After locating the line with "2025年12月24日下午,数字媒体艺术", retype it and every later line exactly, stopping at the end of the records.

(Stored entries)
____________
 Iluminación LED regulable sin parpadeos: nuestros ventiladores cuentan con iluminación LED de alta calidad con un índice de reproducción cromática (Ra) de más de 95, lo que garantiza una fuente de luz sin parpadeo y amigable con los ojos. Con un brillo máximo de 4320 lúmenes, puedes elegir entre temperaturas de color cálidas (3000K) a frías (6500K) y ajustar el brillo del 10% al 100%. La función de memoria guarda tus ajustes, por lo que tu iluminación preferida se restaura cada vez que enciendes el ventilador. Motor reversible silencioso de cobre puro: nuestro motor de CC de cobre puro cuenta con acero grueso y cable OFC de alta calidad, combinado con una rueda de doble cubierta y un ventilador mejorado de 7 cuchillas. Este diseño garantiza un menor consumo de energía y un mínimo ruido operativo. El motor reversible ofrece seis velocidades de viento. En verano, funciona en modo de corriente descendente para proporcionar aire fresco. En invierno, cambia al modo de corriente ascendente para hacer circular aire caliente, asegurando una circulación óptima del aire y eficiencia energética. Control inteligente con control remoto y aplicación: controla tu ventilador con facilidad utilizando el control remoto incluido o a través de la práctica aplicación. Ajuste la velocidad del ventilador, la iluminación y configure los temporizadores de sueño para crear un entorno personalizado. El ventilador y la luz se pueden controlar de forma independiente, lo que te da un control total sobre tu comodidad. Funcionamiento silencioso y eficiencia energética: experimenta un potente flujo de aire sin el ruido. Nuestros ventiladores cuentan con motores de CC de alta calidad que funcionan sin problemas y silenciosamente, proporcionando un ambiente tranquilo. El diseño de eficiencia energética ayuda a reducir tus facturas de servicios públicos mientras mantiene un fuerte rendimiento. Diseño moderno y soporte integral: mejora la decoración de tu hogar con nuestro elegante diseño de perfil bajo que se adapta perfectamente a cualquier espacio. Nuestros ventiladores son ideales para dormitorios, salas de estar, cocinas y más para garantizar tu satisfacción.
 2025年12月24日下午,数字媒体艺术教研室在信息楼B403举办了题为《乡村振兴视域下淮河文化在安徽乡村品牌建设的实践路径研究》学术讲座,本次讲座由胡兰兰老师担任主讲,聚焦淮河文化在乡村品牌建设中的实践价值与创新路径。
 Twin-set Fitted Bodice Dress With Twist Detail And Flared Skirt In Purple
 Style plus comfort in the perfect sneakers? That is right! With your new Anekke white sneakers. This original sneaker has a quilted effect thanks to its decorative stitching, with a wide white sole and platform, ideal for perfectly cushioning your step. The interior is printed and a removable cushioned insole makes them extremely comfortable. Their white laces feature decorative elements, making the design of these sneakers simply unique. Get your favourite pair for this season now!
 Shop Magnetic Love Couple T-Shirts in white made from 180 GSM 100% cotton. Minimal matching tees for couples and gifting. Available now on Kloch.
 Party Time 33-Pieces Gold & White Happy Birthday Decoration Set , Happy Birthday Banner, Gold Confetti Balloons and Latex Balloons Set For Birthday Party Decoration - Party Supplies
____________
--- Completed task ---
 2025年12月24日下午,数字媒体艺术教研室在信息楼B403举办了题为《乡村振兴视域下淮河文化在安徽乡村品牌建设的实践路径研究》学术讲座,本次讲座由胡兰兰老师担任主讲,聚焦淮河文化在乡村品牌建设中的实践价值与创新路径。
 Twin-set Fitted Bodice Dress With Twist Detail And Flared Skirt In Purple
 Style plus comfort in the perfect sneakers? That is right! With your new Anekke white sneakers. This original sneaker has a quilted effect thanks to its decorative stitching, with a wide white sole and platform, ideal for perfectly cushioning your step. The interior is printed and a removable cushioned insole makes them extremely comfortable. Their white laces feature decorative elements, making the design of these sneakers simply unique. Get your favourite pair for this season now!
 Shop Magnetic Love Couple T-Shirts in white made from 180 GSM 100% cotton. Minimal matching tees for couples and gifting. Available now on Kloch.
 Party Time 33-Pieces Gold & White Happy Birthday Decoration Set , Happy Birthday Banner, Gold Confetti Balloons and Latex Balloons Set For Birthday Party Decoration - Party Supplies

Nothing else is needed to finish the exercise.